Massimo Re Ferre' says
is there any reason for which you suggest 800GB> LUNs to be RDMs? Is it for performance? Management? Or what?
I have always thought/said that from a performance perspective there is little that RDM buys you Vs VMFS since the overhead is in the virtualization driver/kernel stack rather than on the file system you use (VMFS Vs Raw). And for a management perspective I am a big fan of encapsulation.
I would only tend to see RDM useful in cases you have a physical server with tons of data on the SAN that you (for some good reason) don’t want to convert/encapsulate into a vmdk.
Duncan Epping says
Doesn’t need to be RDM, can be single VMFS<VMDK volume as well. I like to isolate the large heavy i/o VMDKs to avoid issues and keep as much flexibility as possible. It's not a requirement…
Massimo Re Ferre' says
However a big LUN/VMDK doesn’t always mean high I/O activity (think about a backup region rarely accessed etc etc etc).
Well I guess that, quoting you, “Now the real answer should be, it depends.”
It depends indeed. There are several reasons for including or excluding these, I would say Capacity Planner input is one of those 🙂
How do people design their VMFS at a VM level i.e. do you put all OS in one datastore, page file in another and data in another or do you just keep VM’s disks together.
At the moment we split our VM’s vmdk’s out and i’m starting to think we should go back to keeping the disks all together for the majority of VM’s, it would make admin/scripting/backups/replication so much easier.
I like to keep it together.
1) it’s easier
2) mixed i/o profile
3) in case of SRM/DR, one location for a single VM
Is there any performance loss or gain by having a large VMFS datastore spanning multiple smaller LUNs
Now with vSphere’s ability to virtualize any application more VMs with larger amounts of RAM could impact VMFS design. That means either more RAM reservations or more disk space needed for larger VM swap files.

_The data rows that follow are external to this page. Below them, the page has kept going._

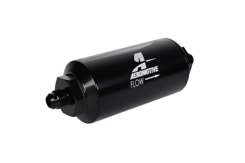 Fuel Filter – In-Line – 100 Micron – Stainless Element – 6 AN Male Inlet – 6 AN Male Outlet – Aluminum – Black Anodized – Each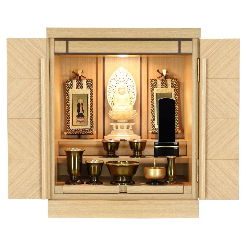 仏具によって荘厳(しょうごん)して初めてお仏壇としての意味を持ちます。仏具はご本尊を供養するのと共に、ご先祖様や亡き人を供養するためのものです。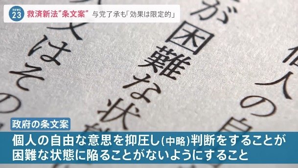 “マインドコントロール”を受けて行う寄付への規制を求めていた野党に配慮し、こんな条文を盛り込みました。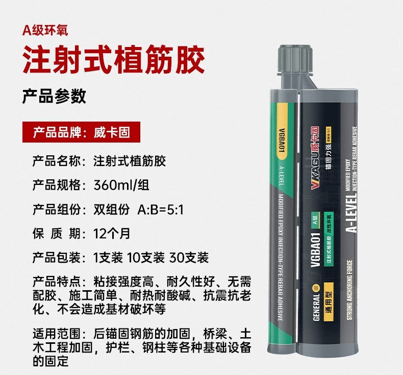 VIKAGU two-component epoxy injection gun for strong reinforcement of reinforced concrete resin planting glue VGBA01 360ml

Assuming most admins will either forget or decide not to make a reservation, couldn’t your formula be adjusted to round(((maxVMs * avgSize) + 20%)+total vRAM )? I know the 20% has accounts for the vRAM to date, but I’d leave it in the formula “just in case.”
For my systems I use 1TB lun sizes, they are striped across 200 SATA disks in my storage array(VMFS volumes make up less than 1% of my overall storage as far as disk space and IOPS). I have 12 VMFS data volumes today(3 for Prod OPS, 5 for QA, 4 for Corp/IT). I have 1 swap VMFS volume for each environment(primarily to control space provisioning and monitor swap IOPS). All in all 14.1TB configured, with thin provisioning 2.2TB is in use right now. Have about 110 VMs currently. Databases are using RDM primarily for array based snapshots/replication between systems. I have decided to mark my first two production VMFS volumes “full”, VMware has provisioned about 1TB between the two. The extra space is room to grow for existing VMs. Since it is thin provisioned really no space is wasted, I don’t care if the volume has 400GB of unused capacity because it really is unused capacity.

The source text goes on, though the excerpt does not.